The offer equates to a 45 percent premium to Rio's stock price in November before BHP first raised the idea of a union in a three-for-one share swap.
"It's a lot fairer than the offer we've had before. It's by no means a knock-out offer," said Bertie Thomson, a fund manager at Aberdeen Asset Management, who holds both Rio and BHP shares.
Shares in BHP fell 4.8 percent at A$37.75 on Wednesday, while Rio fell 0.3 percent to A$128.96.
Chinalco's Next Move
Chinalco and Alcoa, which last week built a surprise 9 percent stake in Rio Tinto, said they were watching for further developments after BHP made a bid for Rio.
"Together, we plan to closely monitor further developments, in particular any response from the board of Rio Tinto.

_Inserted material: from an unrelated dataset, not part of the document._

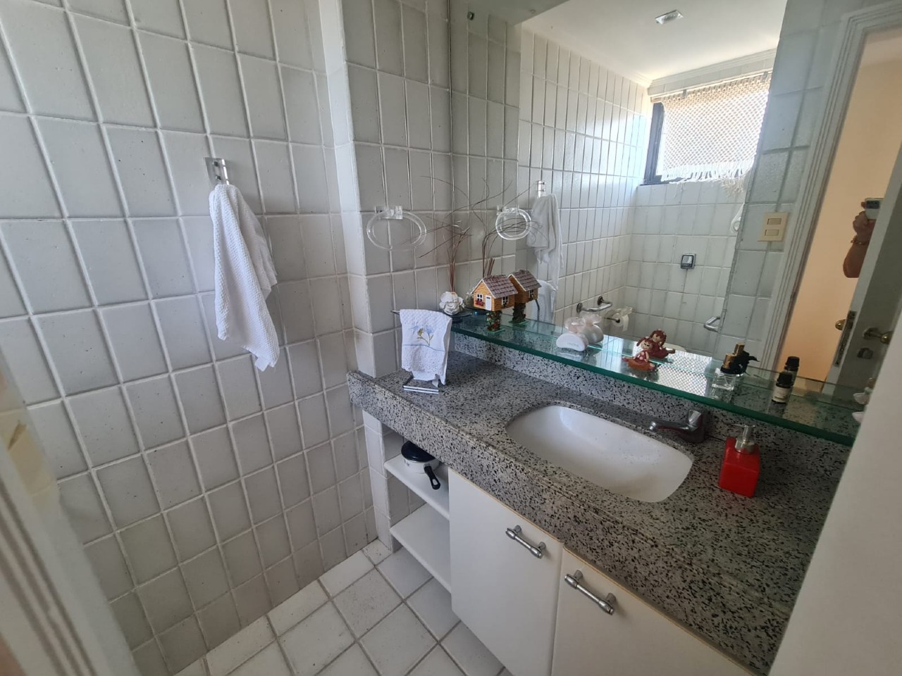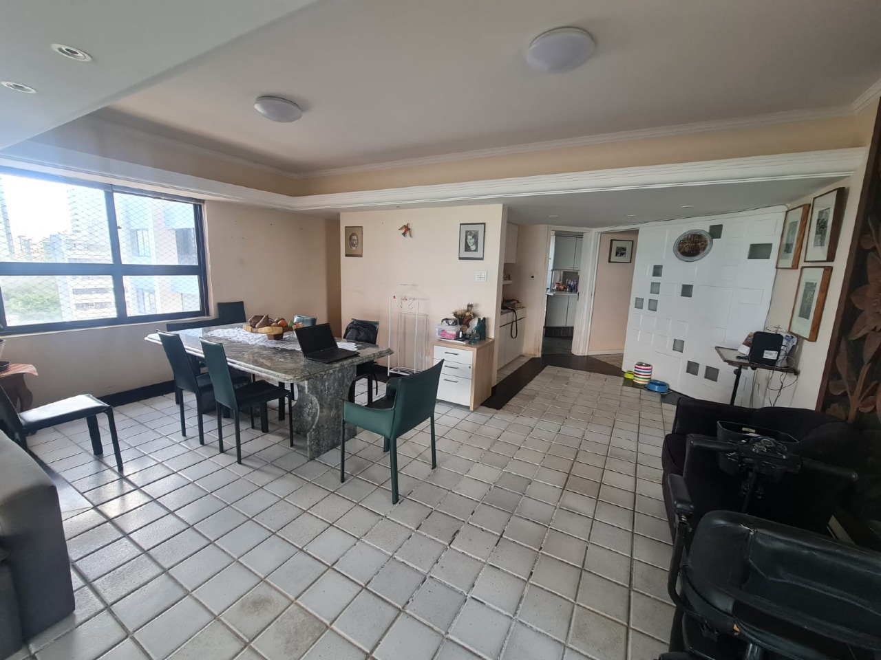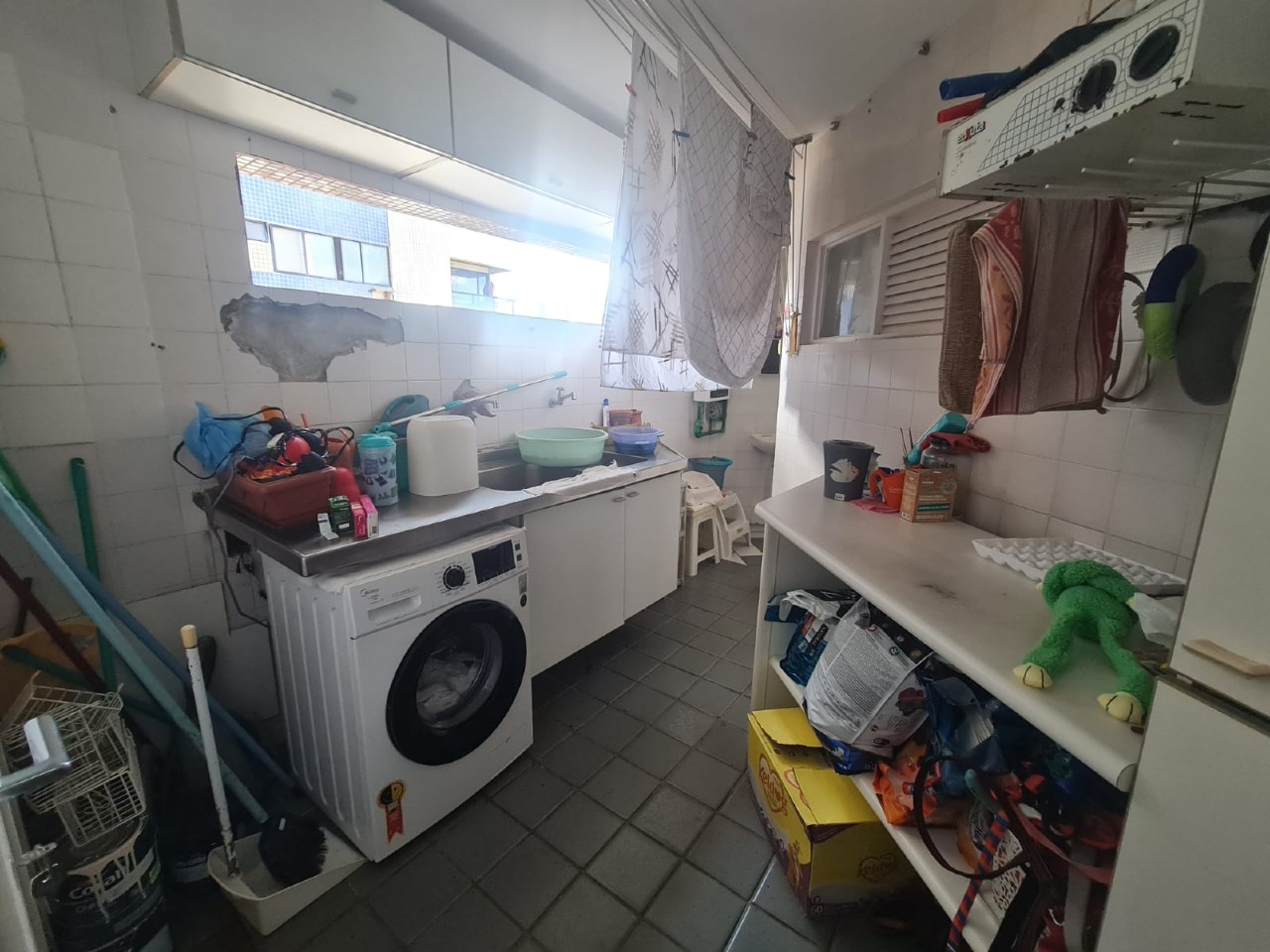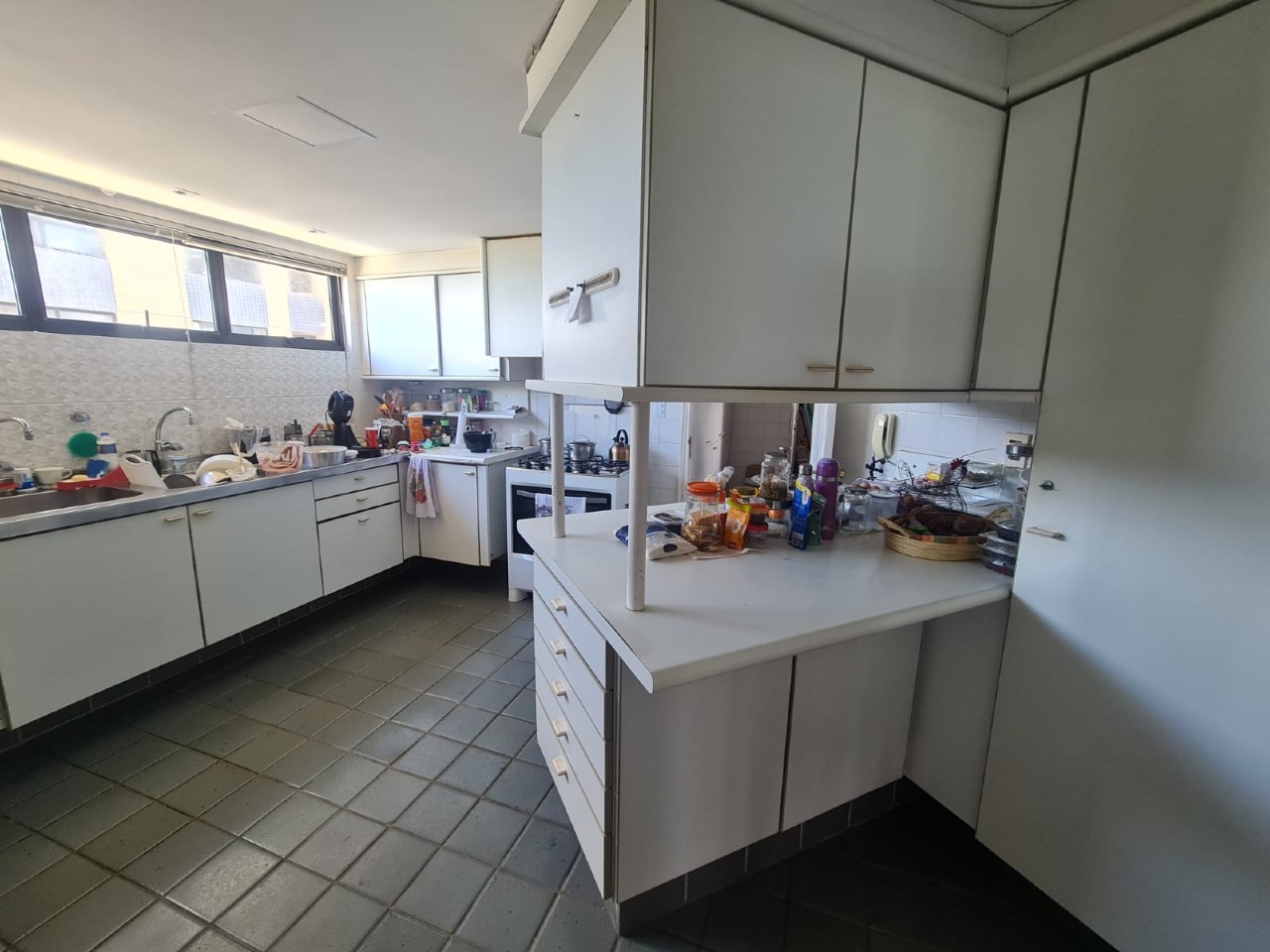 Com 230m², o apartamento é nascente e bem ventilado, com sala para três ambientes, três quartos, sendo 02 suítes, varanda ampla, WC social, cozinha, lavabo, área de serviço, dependência completa de empregada e duas vagas de garagem.
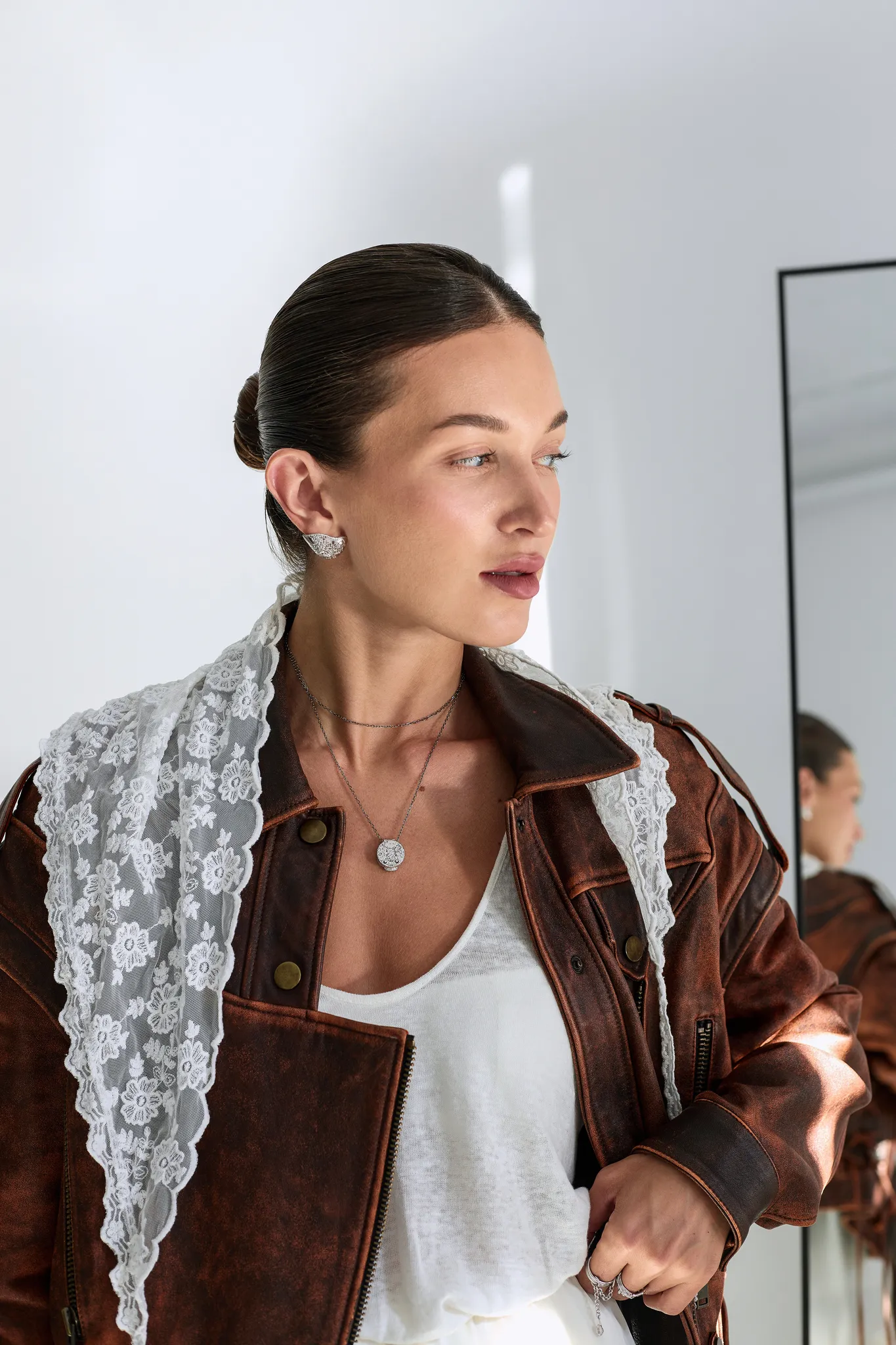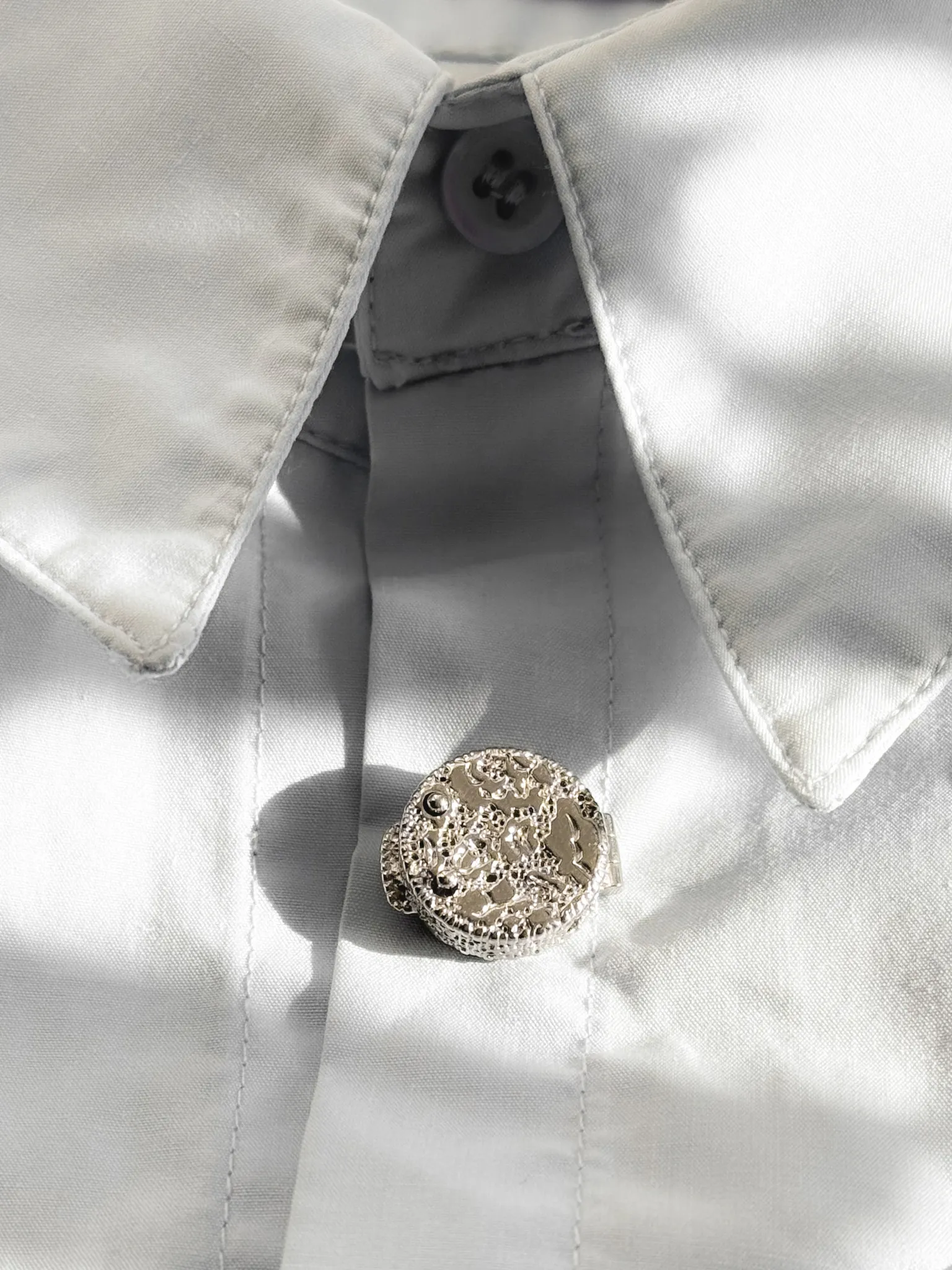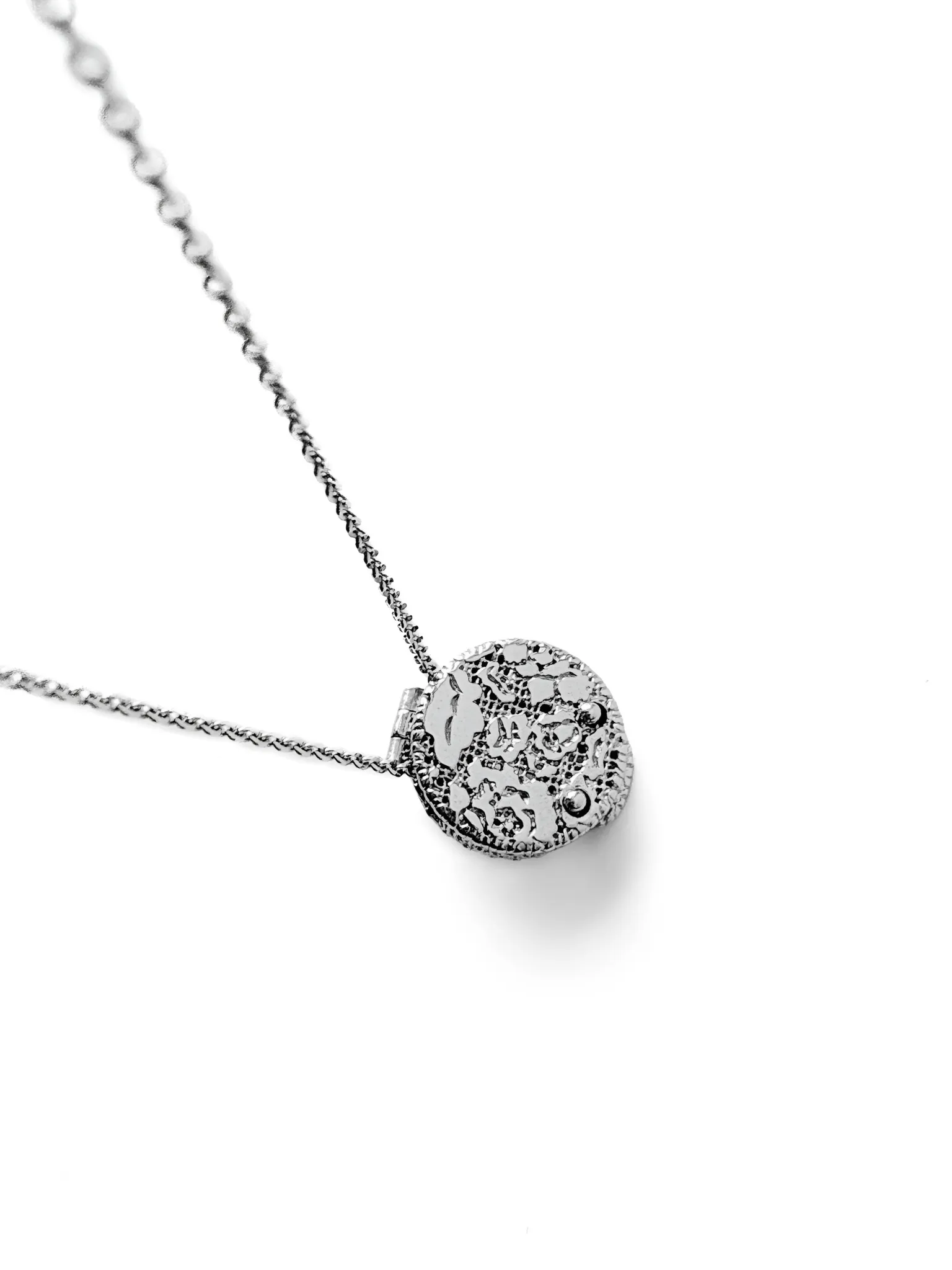 Кружевная подвеска необычной формы — идеальная деталь для романтичных и воздушных образов. Сочетайте ее с другими украшениями коллекции, чтобы получить законченный сет в винтажном стиле — или воспользуйтесь секретным способом носки. Вы можете надеть подвеску на пуговицу любимой рубашки и получить стильный аксессуар, притягивающий взгляды.

As shareholders in Rio Tinto plc, we believe any offer should reflect the fundamental value of the company," the firms said in a statement by their Singapore-based vehicle Shining Prospect.
The statement made no mention of any possible counter bid, but London newspaper the Times, citing unnamed sources close to Chinalco, said on Wednesday a deal was in the works.
The newspaper said Chinalco was seeking approval in Australia to raise its holding to 19.9 percent and may go further to ensure the BHP bid is blocked.
However, sources familiar with the situation told Reuters that Chinalco is not currently mounting a bid for Rio, adding that the Chinese firm is in no rush to make the next move.
Rio Tinto has long opposed BHP's overtures, arguing it was better off as an independent company, digging its own iron ore mines and churning out hundreds of thousands of tons of copper, zinc and aluminum.
Rio in a statement said it was considering the offer and advised its shareholders not to take any action.